Объясняется это тем, что Париж в то время все еще был наводнен обилием подобного товара и что еще не успели использовать это немецкие и американские любители. Прекрасных вещей, поступающих на аукционы, было так много, что французы расхватывали лишь самые сливки, а остальное куда-то тут же проваливалось и оказывалось, часто потеряв свои атрибуции, в самых скромных лавочках. Вот этих лавочников Стип и посещал с особенной выдержанной последовательностью. Питаясь одной картошкой и овсяной кашей, он зато не пропускал ни одной оказии приобрести за несколько франков вещи, и весьма значительные. В день нашего приезда он встретил нас на вокзале и сразу отвез в очень приятную и недорогую гостиницу на rue de Observatoire (напротив памятника двух знаменитых аптекарей, тогда еще не превращенного немцами в пушки), в которой им были задержаны для нас три комнаты, где мы прожили целые две недели, пока не нашли себе квартиру на хорошо знакомой нам rue Delambre, ровно против дома, в котором мы прожили с осени 1897-го до весны 1899 года.
Чуть ли не на перроне Северного вокзала Яремич стал хвастаться своими действительно удивительными находками, причем, вероятно, для того, чтобы мне не было слишком завидно, он тут же заявил, что ряд вещей декоративно-архитектурного порядка он приобрел для меня.
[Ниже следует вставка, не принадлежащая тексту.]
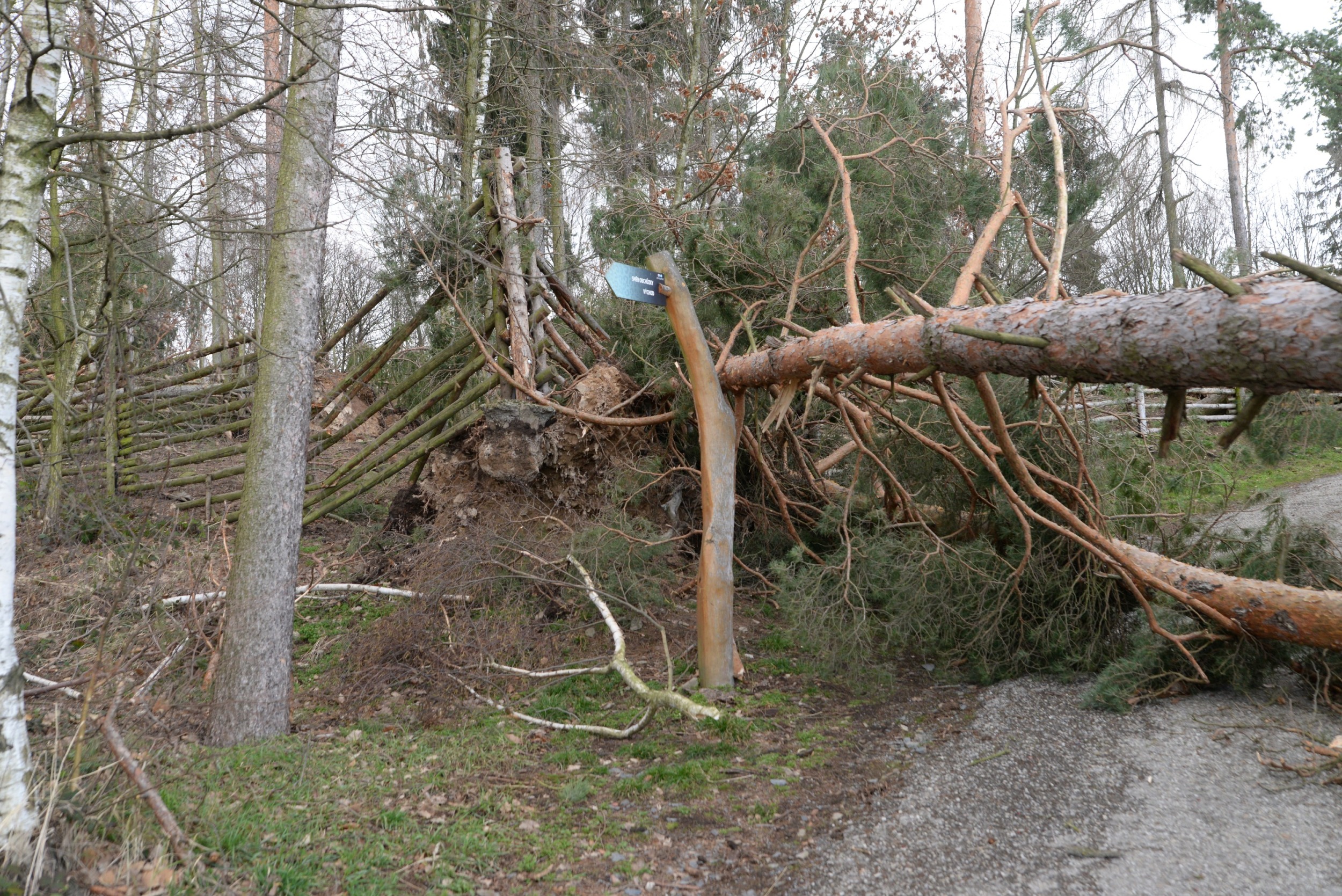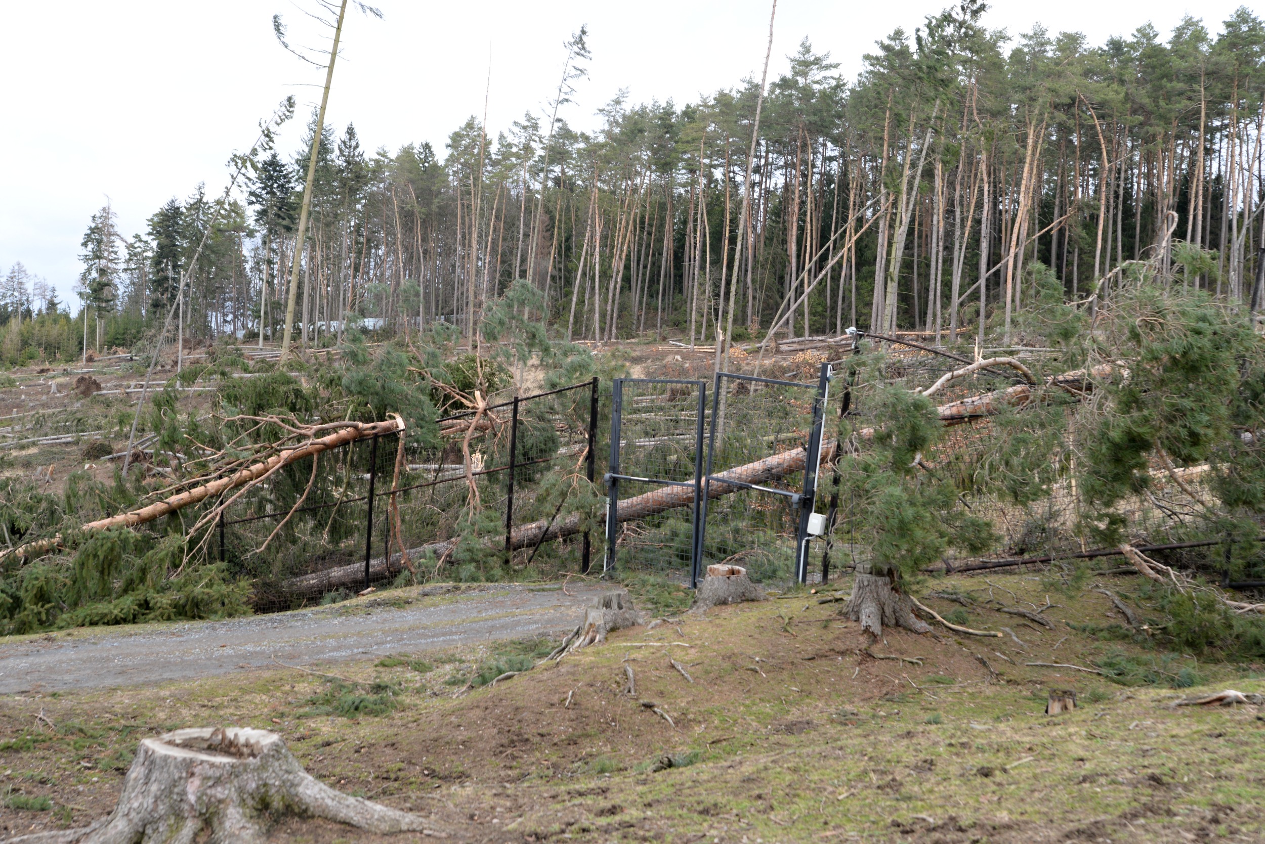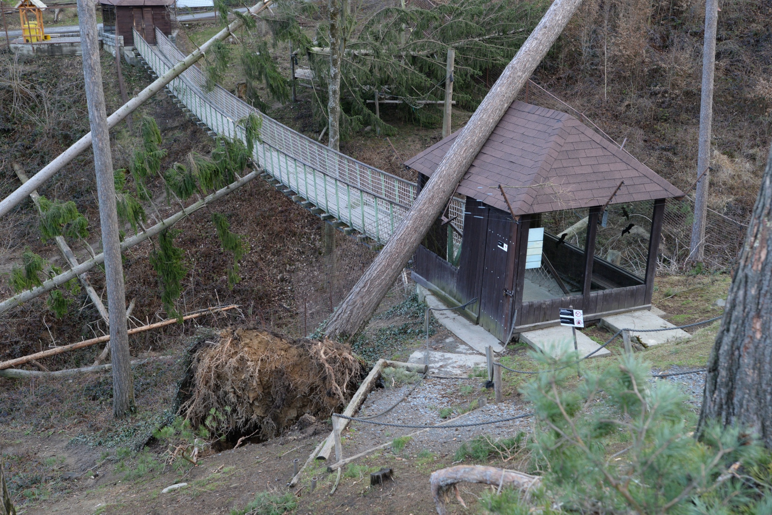 Po posledních dvou téměř jarních týdnech, kdy jsme se intenzivně snažili zahradu po zimě vyčistit a připravit na blížící se Velikonoce, naše plány zhatila noční vichřice. Areál zasáhla s větší silou než předloňská říjnová. Zahrada je stále ještě na několika místech neprůchodná, protože stromy leží přes cesty všemi směry. Poškozeny jsou i ploty několika výběhů a střechy na pár ubikacích. Všechna nebezpečná zvířata byla řádně zabezpečena a nedošlo k jejich úniku z ubikací. Výběhy opustilo jen menší stádo jelenů sika a daňci evropští, celkem v počtu 8 kusů. Zoo jsme dnes uzavřeli a o dalším vývoji budeme informovat.

Сам Яремич жил на улице Campagne-Premiere, в доме, целиком состоявшем из мастерских. Его огромное, во всю южную стену окно выходило на большой сад, принадлежащий женскому монастырю. Этот лесистый вид с птичьего полета наш друг пробовал изобразить несколько раз на довольно крупных полотнах, и они не лишены были своеобразной прелести. Прямо под его окнами находилась среди кустов капелла, и нередко можно было наблюдать, как к ней под нежное, печальное пение тянулись вереницы одетых в светлое монахинь. Не будучи вовсе религиозным человеком (кажется, я в своем месте уже представлял Яремича как убежденного приверженца Вольтера), он все же умел ценить всю эту романтическую атмосферу, и когда ему пришлось покинуть Париж, ему было особенно больно расставаться именно с ней. В этой его чересчур светлой и голой мастерской он прожил четыре года.
Лишь летом 1906 года он перебрался на время нашего отсутствия в нашу версальскую квартиру. Живя в Версале, он и там написал ряд больших, мастерски исполненных, но, как всегда, чересчур серых в тоне этюдов и, между прочим, центром одного из этих парковых мотивов явилась мраморная группа лошадей Аполлона, прячущихся среди густых кустов сирени, в стороне от знаменитого грота. Эту картину он назвал «Дань почтения Гюбер-Роберу». Серость колорита Яремича была чем-то ему органически присущим (яркие кодеры, и особенно зеленые, он ненавидел), и в зависимости от этого он выработал целое учение, будто живописец может вполне обходиться всего тремя красками: «костью» (черной краской), желтой охрой и белилами; будто смесь кости с белилами дает благородную и вполне достаточную синеву, а смесь охры с костью заменяет всякие оттенки зелени. К этой гамме он лишь в редчайших случаях примешивал венецианскую красную. Такая явная ересь не мешала Стипу создавать вещи и очень приятные, и декоративные, особенно же он преуспевал в акварели, в которой пытался подражать Гварди.
За последние месяцы мы тогда очень сошлись с Елизаветой Сергеевной Кругликовой, и это несмотря на то, что ее искусство (и особенно присущий ему несколько любительский оттенок) не могло нам импонировать — ни мне, ни моим друзьям. Вовсе не импонировало нам и старание Кругликовой идти вместе с веком, быть передовой, в духе времени. Все это, однако, не мешало этой некрасивой и стареющей девице обладать большой притягательной силой. Она отличалась исключительной живостью темперамента, страстно всем интересовалась, что и позволило ей устроить у себя в Париже, на улице Буассонад, что-то вроде русского художественного центра, усердно посещаемого не только русскими. Была она и очень отзывчива, разные бедняки и неудачники нередко прибегали к ее кошельку. Она же устраивала у себя простодушные балы, из которых мне особенно запомнился один костюмированный, когда весь дворовый садик перед ее дверью был завешан цветными фонариками, а в ее двойной мастерской была устроена сцена, на которой выступали разные любители с шансонетками и монологами. Всех тогда поразила своей миловидностью одна из дочерей Плеханова, одетая пастушкой с картины Буше, и очень всех позабавила на редкость некрасивая старая дева, с потешным английским акцентом пропевшая тогда популярные песенки, среди которых одна начиналась словами: «Я самая хорошенькая из всех молодых девиц». Угощение на таких пирушках бывало в высшей степени обильным, но и совершенно беспретенциозным, домашним.